WHAT THE TASK ASKS » In the material below, find the line with "2025年11月5日競價標(biāo)的信息(現(xiàn)場競價)" and the line with "雅州壹號(hào)院項(xi". Output exactly those two lines and all lines between them, leaving out pictures.
──────────
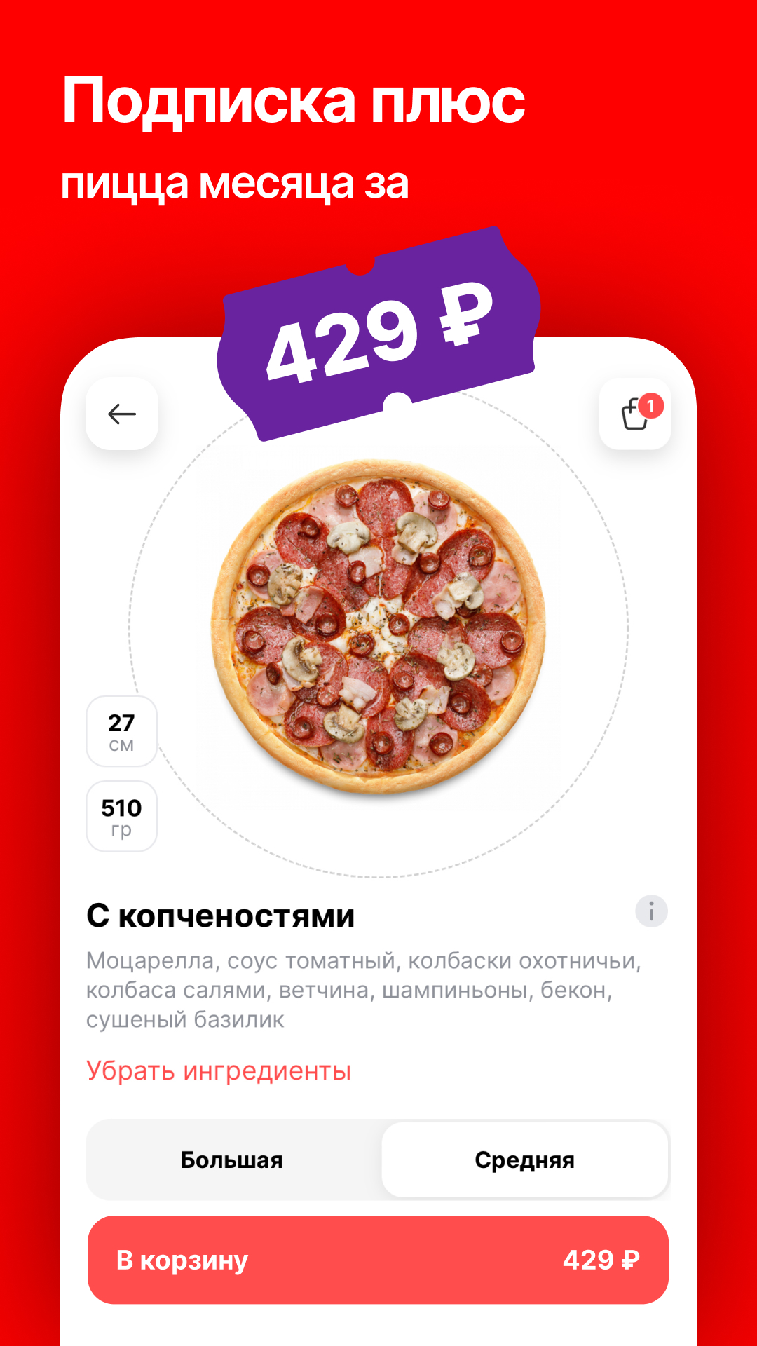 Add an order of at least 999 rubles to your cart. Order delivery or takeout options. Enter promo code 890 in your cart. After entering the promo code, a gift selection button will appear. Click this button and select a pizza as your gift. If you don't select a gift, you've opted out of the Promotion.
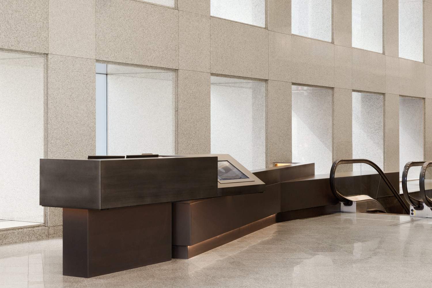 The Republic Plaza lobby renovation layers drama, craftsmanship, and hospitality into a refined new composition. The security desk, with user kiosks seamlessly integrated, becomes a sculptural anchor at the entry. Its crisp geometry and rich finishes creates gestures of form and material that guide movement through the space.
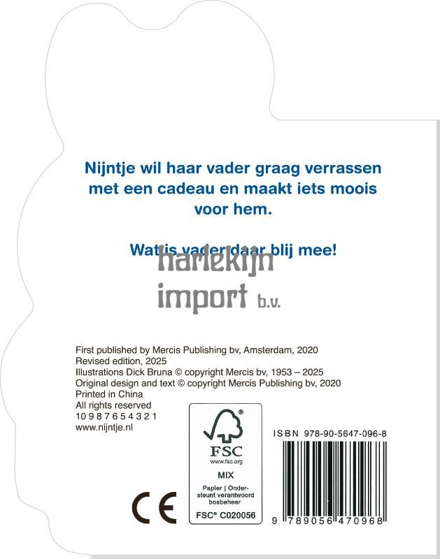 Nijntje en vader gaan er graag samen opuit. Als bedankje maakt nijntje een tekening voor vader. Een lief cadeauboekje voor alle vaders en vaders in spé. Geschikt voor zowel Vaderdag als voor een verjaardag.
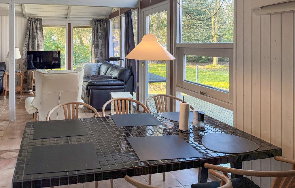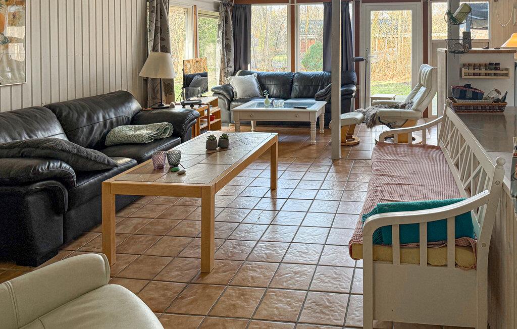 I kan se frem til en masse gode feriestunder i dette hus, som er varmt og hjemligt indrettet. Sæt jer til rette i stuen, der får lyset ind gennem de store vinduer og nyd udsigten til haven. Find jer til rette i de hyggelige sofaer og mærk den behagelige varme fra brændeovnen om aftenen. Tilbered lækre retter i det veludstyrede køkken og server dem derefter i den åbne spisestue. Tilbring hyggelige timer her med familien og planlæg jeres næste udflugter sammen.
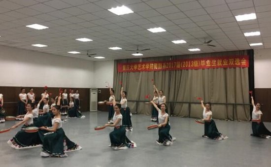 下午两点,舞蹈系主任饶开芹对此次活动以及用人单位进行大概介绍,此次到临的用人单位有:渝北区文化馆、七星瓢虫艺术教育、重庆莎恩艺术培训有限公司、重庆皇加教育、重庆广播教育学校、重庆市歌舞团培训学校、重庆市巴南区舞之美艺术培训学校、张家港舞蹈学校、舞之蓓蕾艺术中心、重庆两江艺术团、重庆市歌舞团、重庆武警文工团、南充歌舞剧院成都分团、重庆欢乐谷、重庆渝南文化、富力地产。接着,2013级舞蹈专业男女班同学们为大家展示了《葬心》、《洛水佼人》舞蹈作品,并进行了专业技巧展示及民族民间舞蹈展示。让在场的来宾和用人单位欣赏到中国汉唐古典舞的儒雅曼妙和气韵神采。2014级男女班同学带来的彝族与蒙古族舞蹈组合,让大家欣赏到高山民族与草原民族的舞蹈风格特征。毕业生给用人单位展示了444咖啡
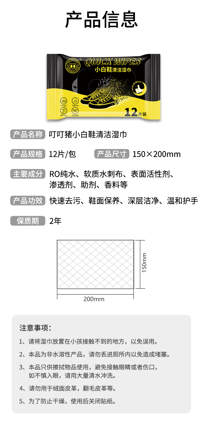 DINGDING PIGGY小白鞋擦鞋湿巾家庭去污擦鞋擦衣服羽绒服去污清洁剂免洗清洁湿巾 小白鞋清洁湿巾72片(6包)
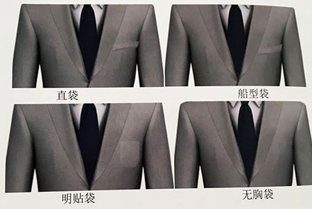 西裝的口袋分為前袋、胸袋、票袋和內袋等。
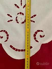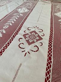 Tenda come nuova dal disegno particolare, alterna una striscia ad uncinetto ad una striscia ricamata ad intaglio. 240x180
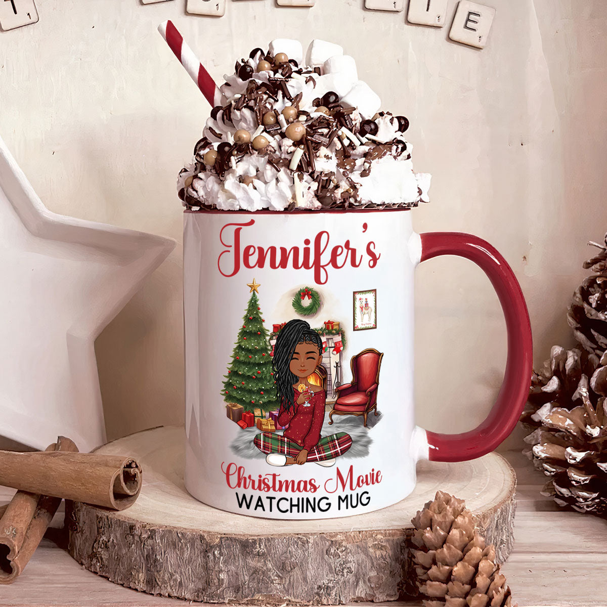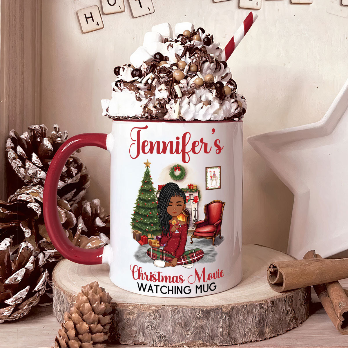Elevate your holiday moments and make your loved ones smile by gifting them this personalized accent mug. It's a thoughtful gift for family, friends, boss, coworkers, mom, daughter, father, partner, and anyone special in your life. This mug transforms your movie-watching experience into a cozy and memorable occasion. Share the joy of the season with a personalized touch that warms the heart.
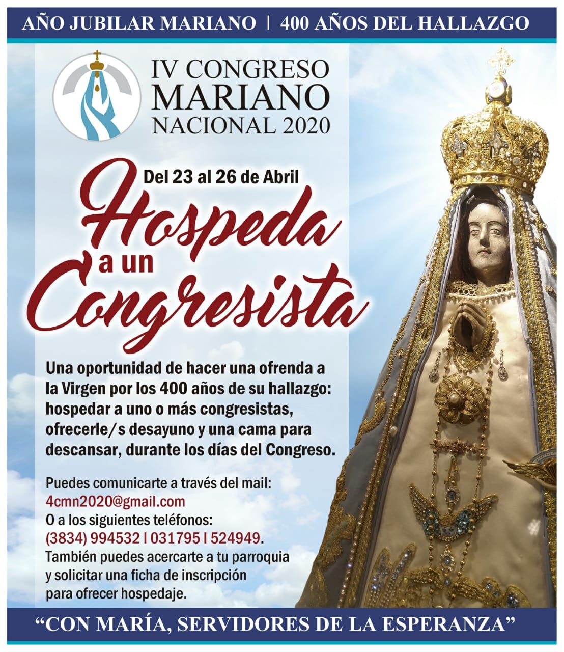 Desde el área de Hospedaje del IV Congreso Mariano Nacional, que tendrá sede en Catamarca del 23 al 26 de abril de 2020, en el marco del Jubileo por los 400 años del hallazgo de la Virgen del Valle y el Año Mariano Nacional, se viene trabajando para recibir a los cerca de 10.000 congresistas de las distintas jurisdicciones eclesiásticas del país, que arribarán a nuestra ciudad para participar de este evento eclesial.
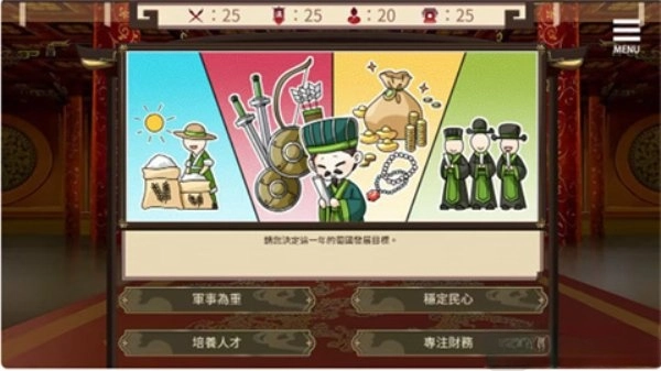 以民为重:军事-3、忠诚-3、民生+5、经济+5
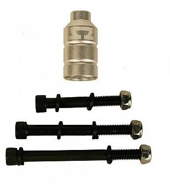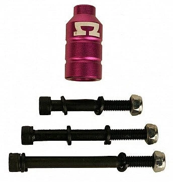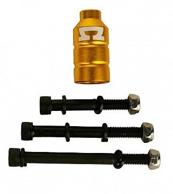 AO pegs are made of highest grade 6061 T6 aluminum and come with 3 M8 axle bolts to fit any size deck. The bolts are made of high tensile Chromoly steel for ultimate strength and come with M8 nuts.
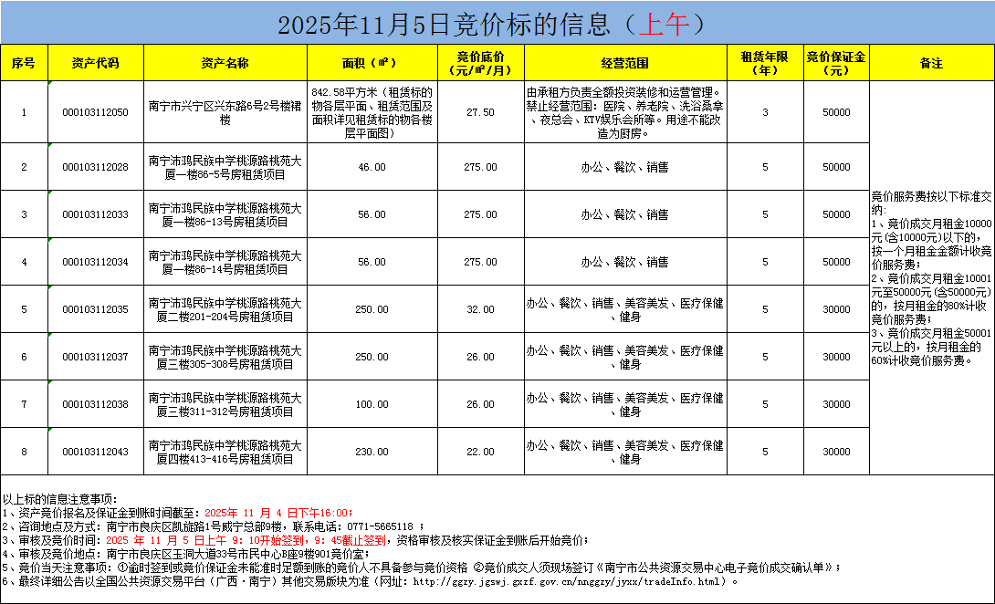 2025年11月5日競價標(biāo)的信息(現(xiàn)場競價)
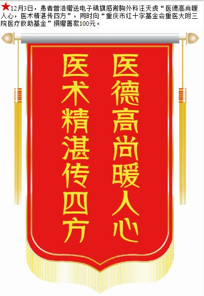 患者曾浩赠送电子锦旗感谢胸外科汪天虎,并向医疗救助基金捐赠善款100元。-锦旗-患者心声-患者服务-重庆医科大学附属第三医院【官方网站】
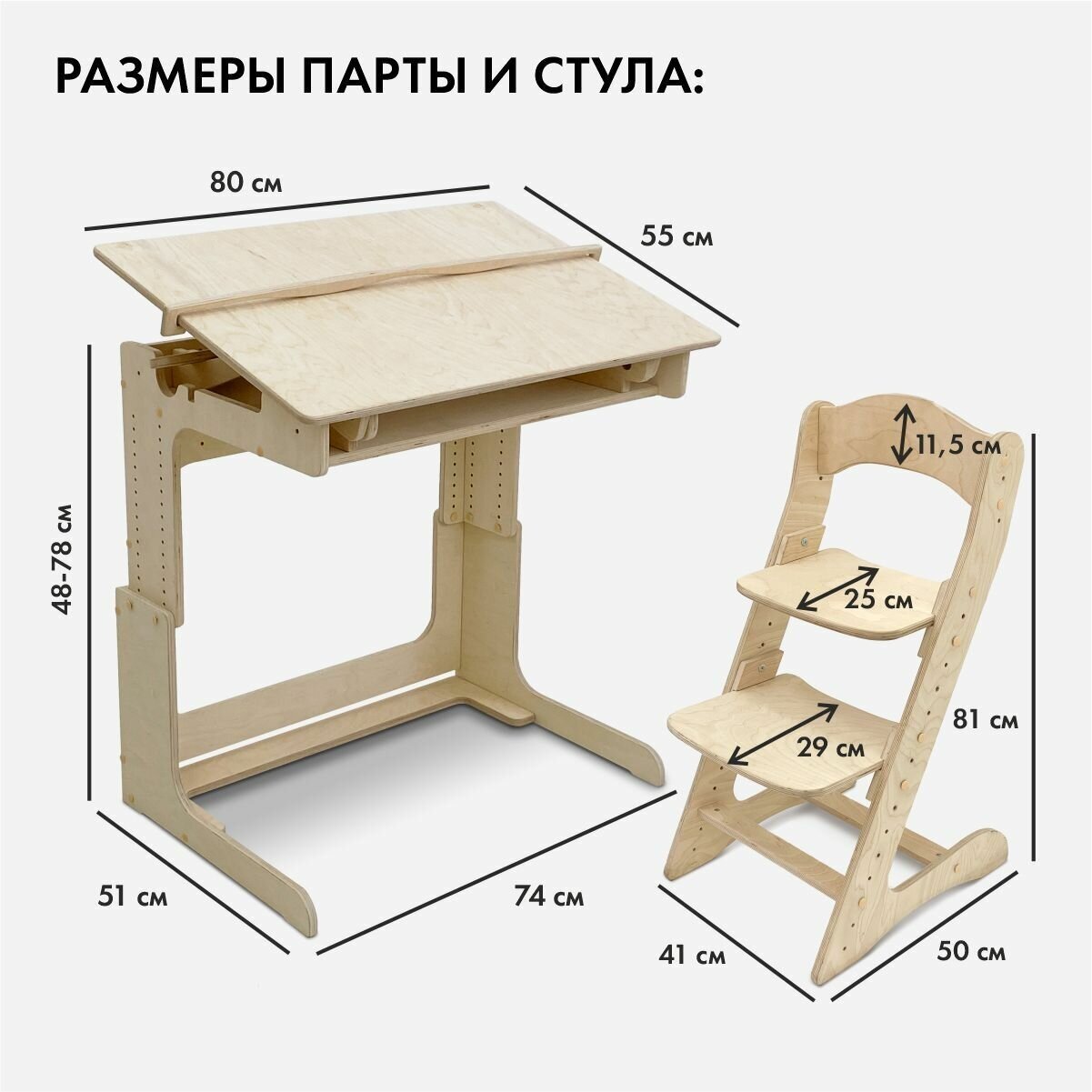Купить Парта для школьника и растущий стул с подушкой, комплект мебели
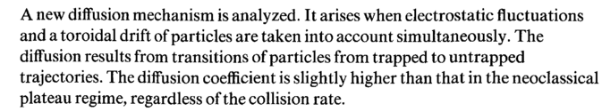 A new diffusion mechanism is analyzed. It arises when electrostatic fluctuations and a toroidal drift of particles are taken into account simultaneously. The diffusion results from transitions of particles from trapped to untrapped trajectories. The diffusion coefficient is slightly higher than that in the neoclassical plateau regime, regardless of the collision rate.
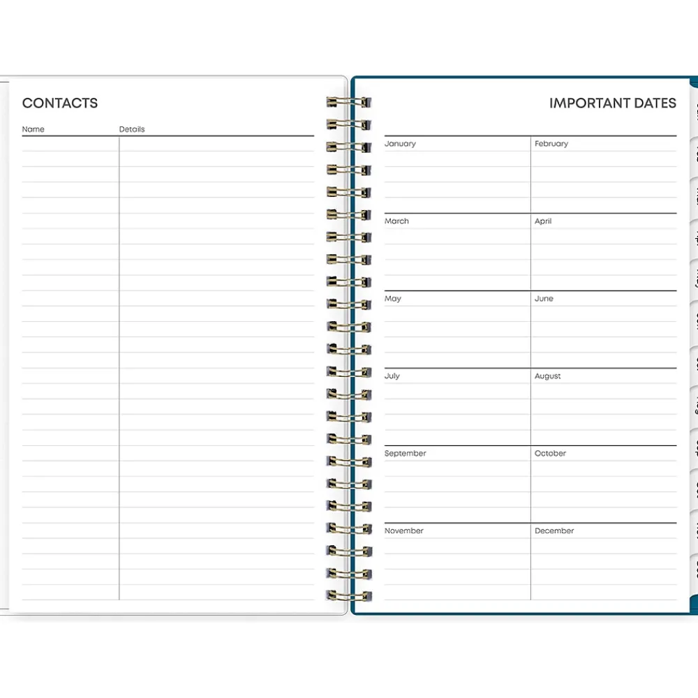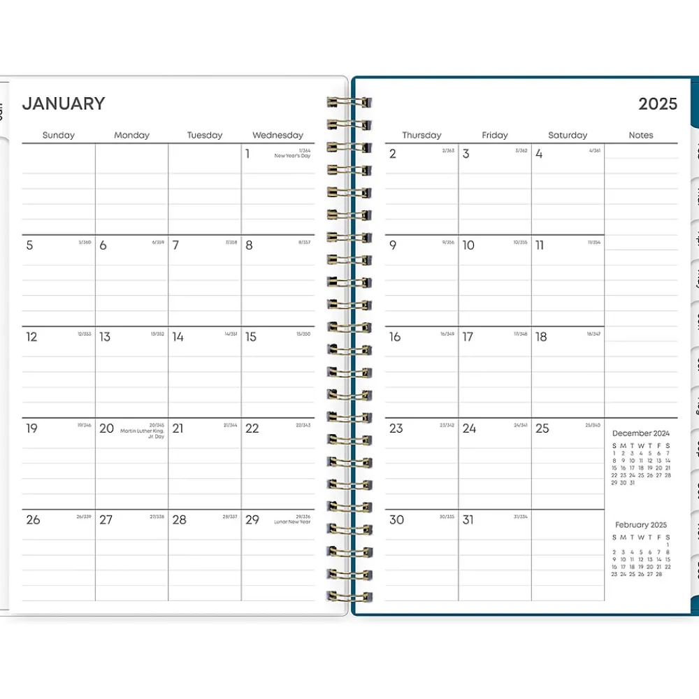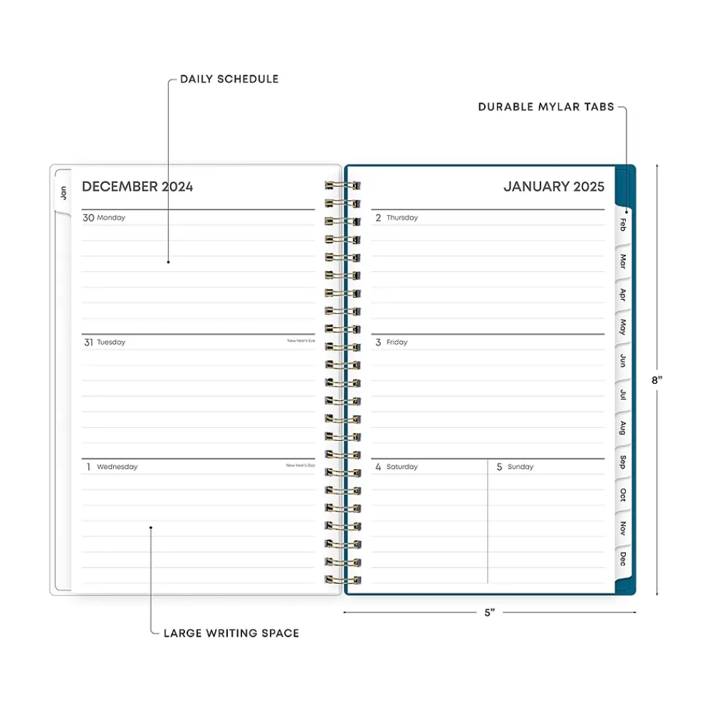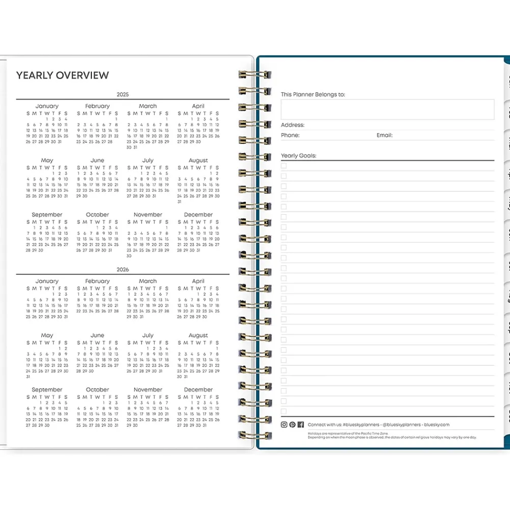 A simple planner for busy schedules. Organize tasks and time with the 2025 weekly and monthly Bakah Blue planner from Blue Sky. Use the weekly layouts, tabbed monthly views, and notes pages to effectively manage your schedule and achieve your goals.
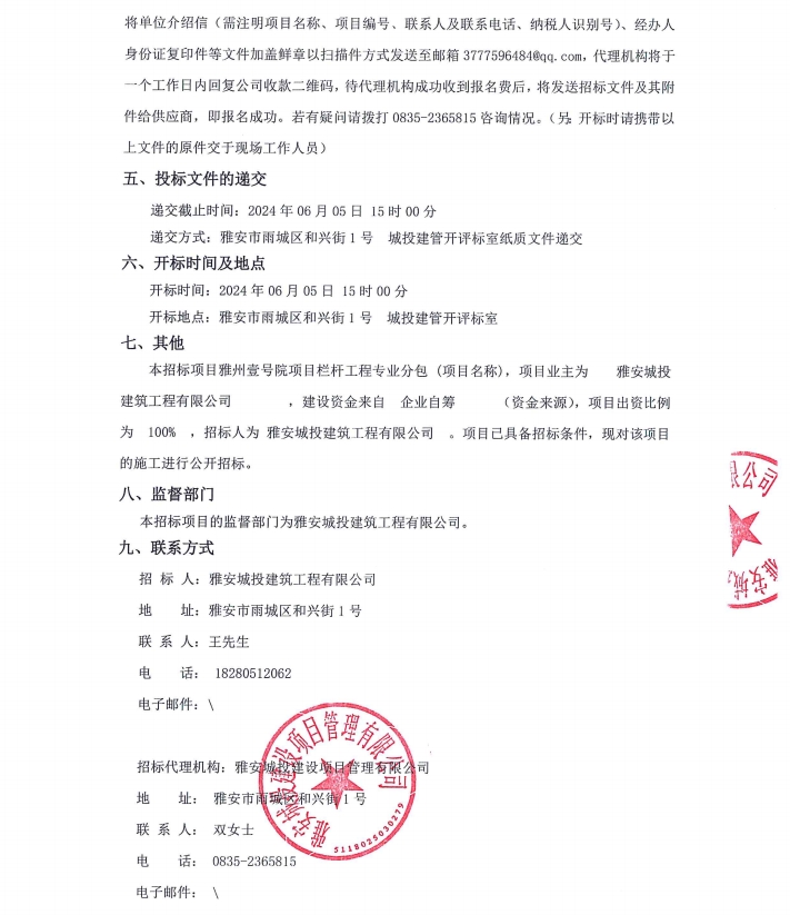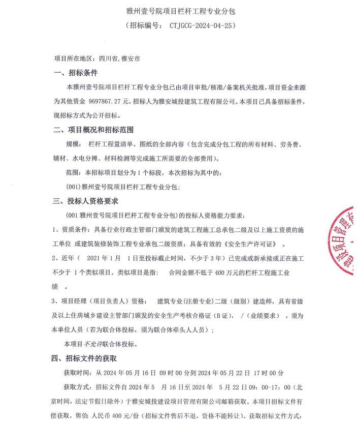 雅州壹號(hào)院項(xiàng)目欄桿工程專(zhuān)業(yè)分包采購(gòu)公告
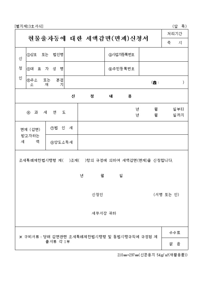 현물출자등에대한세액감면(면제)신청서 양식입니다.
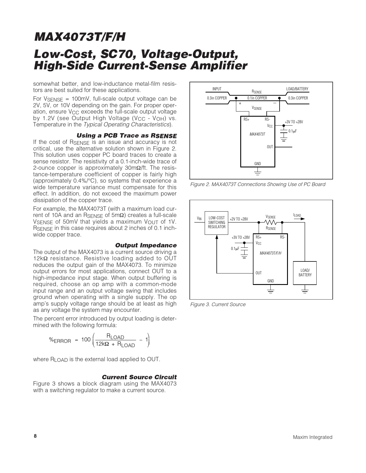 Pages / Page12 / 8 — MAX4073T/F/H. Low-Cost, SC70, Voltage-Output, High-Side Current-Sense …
──────────
WRITTEN REPLY »
 2025年11月5日競價標(biāo)的信息(現(xiàn)場競價)
 患者曾浩赠送电子锦旗感谢胸外科汪天虎,并向医疗救助基金捐赠善款100元。-锦旗-患者心声-患者服务-重庆医科大学附属第三医院【官方网站】
Купить Парта для школьника и растущий стул с подушкой, комплект мебели
 A new diffusion mechanism is analyzed. It arises when electrostatic fluctuations and a toroidal drift of particles are taken into account simultaneously. The diffusion results from transitions of particles from trapped to untrapped trajectories. The diffusion coefficient is slightly higher than that in the neoclassical plateau regime, regardless of the collision rate.
 A simple planner for busy schedules. Organize tasks and time with the 2025 weekly and monthly Bakah Blue planner from Blue Sky. Use the weekly layouts, tabbed monthly views, and notes pages to effectively manage your schedule and achieve your goals.
 雅州壹號(hào)院項(xiàng)目欄桿工程專(zhuān)業(yè)分包采購(gòu)公告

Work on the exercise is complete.